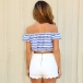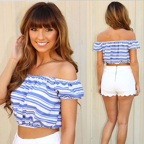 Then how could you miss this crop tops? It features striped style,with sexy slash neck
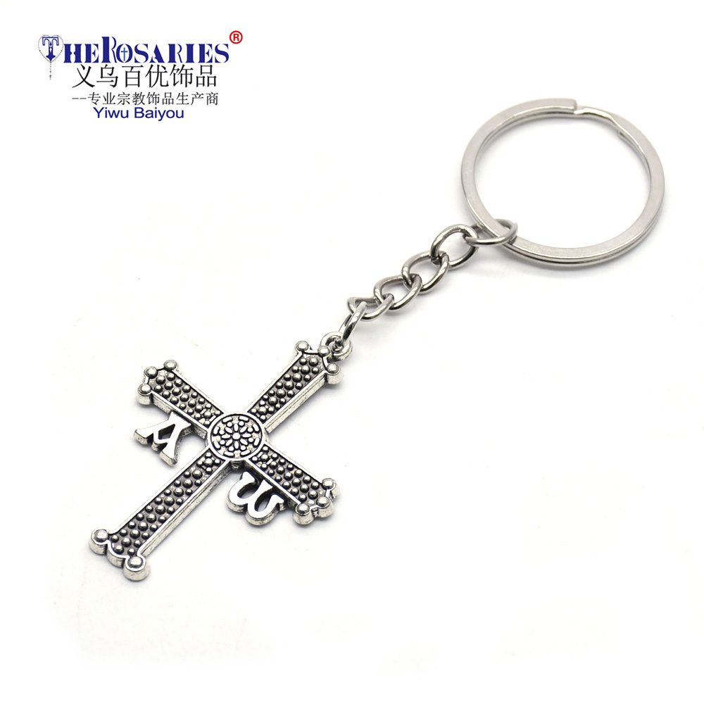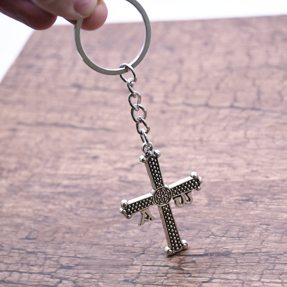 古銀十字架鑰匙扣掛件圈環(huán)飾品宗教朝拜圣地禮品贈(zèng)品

════════

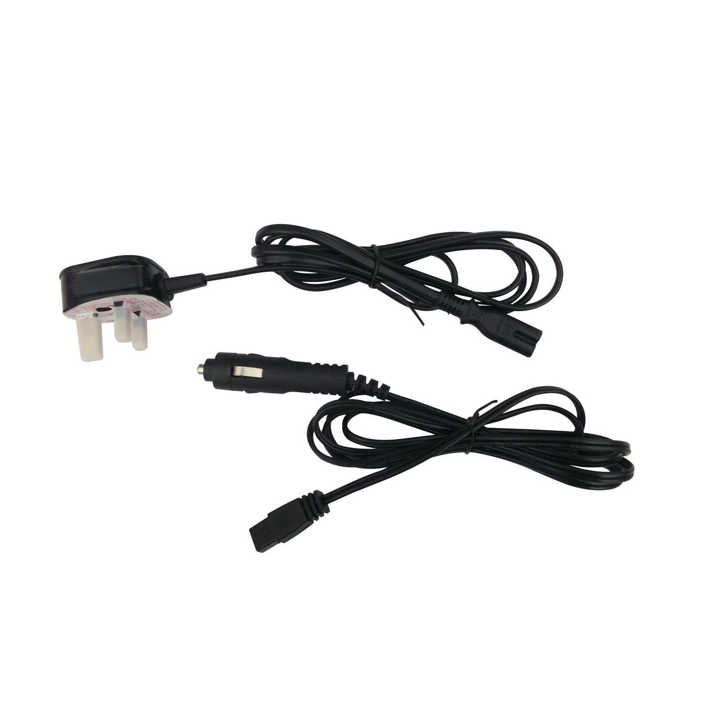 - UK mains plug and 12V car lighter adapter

════════

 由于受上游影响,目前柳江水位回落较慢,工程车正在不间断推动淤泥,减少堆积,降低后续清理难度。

════════

● REQUIRED ACTION:
In the entries above, find the line containing "Then how could" and the line containing "古銀十字架鑰匙扣掛件圈環(huán)飾品宗教朝拜圣地禮品贈(zèng)品", then copy both and every line between them exactly, without any picture.

● ANSWER TO THE EXERCISE:
 Then how could you miss this crop tops? It features striped style,with sexy slash neck
 古銀十字架鑰匙扣掛件圈環(huán)飾品宗教朝拜圣地禮品贈(zèng)品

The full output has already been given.